You might want to take a look at the previous chapter, I've added Riddick's POV before River's spoilerific one, and Riddick's is just some thoughts that he has the night after _Confrontation_, so they're safe to read (and hopefully enjoyable).

* * *

The morning River woke up early, feeling strangely refreshed and relaxed. She didn't exactly remember her dream, but she had the best sleep since the Academy had upped their stakes. She remembered feelings, flying, being, and she felt like a chapter in her life had successfully ended, like the Universe itself was thanking her for going through with everything and pulling through it as she needed to. Somehow, she knew the dream was important, but that it also didn't matter if she remembered it or not, that the feeling was what counted and that if she did everything right, she would be rewarded beyond her imagination.

Where did that thought came from?

Ignoring it as another aspect of her own mental state and having pushed her mind too far, she went on to... push herself even harder, or at least back on the reigns.

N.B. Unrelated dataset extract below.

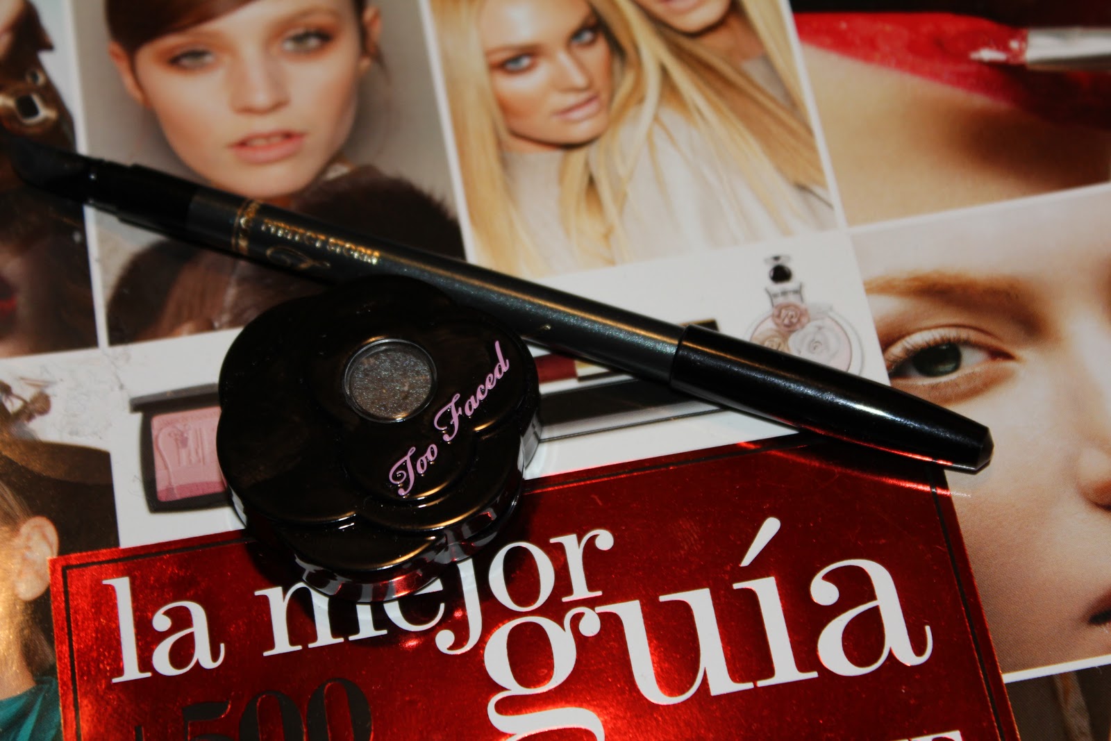 Esta sombra me encanta, es así tal cual, según le de la luz cambia de color, es de too faced y se llama petals to the metal, el lápiz de ojos también de too faced se llama perfect storm. Este es realmente simple, solo hay que aplicarse la sobra en el párpado (sin llegar arriba del todo, y si os equivocais rebajar con un poquito de sombra clara), y hacer la línea superior e inferior con el lápiz, si quereis darle un toque mas intenso podeis hacer como yo y marcar el rabillo del ojo.

She noted the crew was still sleeping, all more soundly than she expected or hoped. Of course, the fact that she woke up both early and well rested was a small miracle in itself, if she believed in superstition. She silently made her way towards the money car they had hijacked and started to fulfill her promise in sorting anything suspicious from anything that could be easily used on Persephone. She still had a package to receive, and knew that, even considering the risks, it needed to be picked up. This would imply leaving Riddick to his own devices for some time, but then again, he could bring trouble with or without her.

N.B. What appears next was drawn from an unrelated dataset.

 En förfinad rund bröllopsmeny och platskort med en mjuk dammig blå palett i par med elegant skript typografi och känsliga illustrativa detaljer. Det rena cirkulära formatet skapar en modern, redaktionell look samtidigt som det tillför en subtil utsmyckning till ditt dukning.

Malcolm woke up some time after, around 8 o'clock Persephone time - hours had been split per planet by 24 to avoid confusion and in tradition to Earth-that-was terminology. Coincidentally - as far as all were concerned except River and Inara - they all woke up around the same time, having a mild hangover from the... well, nobody knew exactly why, but some began to suspect that from the tea. All but the most suspicious on board thought that it may have been a natural component of the tea, and Riddick chuckled quietly at their mumblings, having put the pieces together. Even Kaylee was not as cheery as usual, and Riddick took note of her change. He also took note that Charlie wasn't moving about and that River had given her her meal sometimes earlier. Riddick wanted to question Charlie, but he had enough on his head and on his plate courtesy of the other dangerous looney on board, and already the crew suspected something was amiss with the big man on board. So he indulged them and walked slowly to the kitchen, allowing the rest to gather before him.

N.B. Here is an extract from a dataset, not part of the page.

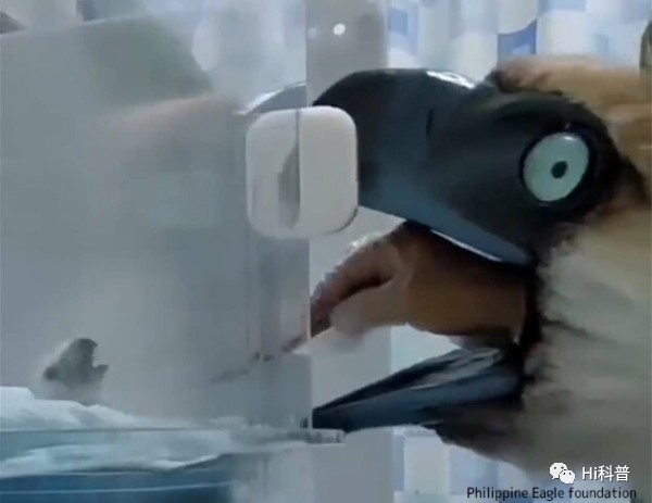 为了拯救濒临灭绝的菲律宾雕,伪装成亲鸟喂食保护中心职员。生活在菲律宾的菲律宾雕濒临灭绝,目前能确认的一对不到400对。它们是世界上最稀有的猛禽之一。 菲律宾鹰中心正在救助菲律宾鹰,进行保护和康复活动。同时为了将雏鸟放归野生,采取了各种各样的措施。 工作人员为了尽量减少与人的接触,手上戴着亲鸟面具,正在给雏鸟喂食。 菲律宾雕是全长1米左右的猛禽类,其长度和翅膀面积是目前在世的雕中最大的。头上有美丽的冠羽。 尽管是森林中最强大的捕食者,但种群数量却急剧减少,其原因是由于森林采伐造成的栖息地破坏,以及用于食用、饲养、展示的滥捕等。

Malcolm was grouchy this morning. He didn't know what had been in the tea, but he suspected it was Inara's way of not letting him blow a gasket. He had wanted to question Riddick on the growl rumbling throughout his ship, but had been placated first by River, then Inara, then sleep. Now, he wasn't really in the mood to ask questions, but he had to do his duty to his crew as their captain, as nasty as he felt right now. He decided it'd have to wait after food. For security reasons, it had been decided that Wash would stay next to his pilot seat the whole night and even in the morning, being always ready for take-off in case Riddick's butched job lead the authorities to them. Mal was torn between getting the hell out of Dodge or trying to sell some of their weapons to Badger. Between listening to his little albatross and his gut that screamed that everything she brought them was trouble that'd get them killed or worse. Then again, his gut had been a bullet magnet for most of his life...

Slowly but surely, the kitchen was being filled up with groggy men and women, moaning about coffee or some equivalent of such. Ironically, Inara made some tea that revitalized their moods and made them feel better. Eventually, River and Riddick arrived, not together but not far apart. River had waited to hear his footsteps before she arrived herself, though she tried to make it look like they didn't arrive together. Riddick wouldn't have minded much what they thought about it either way.

Malcolm tried to impose his authoritative tone. "All right people, settle down. Now, I think there'n might be some things to discuss. I don't particularly like folk growling on my ship in ways that'd wake up the dead and scarin' my crew half to death." Riddick immediately picked up the unsaid "but me especially" and almost snickered, but kept his face stoically. "I don't really like my guests gallivantin' 'round my ship without telling me where they're going."

Riddick looked hard at him, kept his ire in check and answered him in his most serious tone. "So I gotta ask the Captain permission to go to the loo? Hold his hand while I'm doing it too, maybe?"

Despite the tension, people began to snigger and Malcolm flushed red with embarrassment. He remembered he always advocated for freedom, yet here he was imposing himself on someone else's space like he'd smack someone else for doing it. Still, he still had his concerns.

"That may as well be, but I'm responsible for my crew's well-being, and if you're threatening it, or even giving signs of it, you might as well leave now or thing's get mighty complicated for all of us once we're in space, and there'll be... less savory methods to leave the ship." Mal subtly threatened. Riddick would have none of that though.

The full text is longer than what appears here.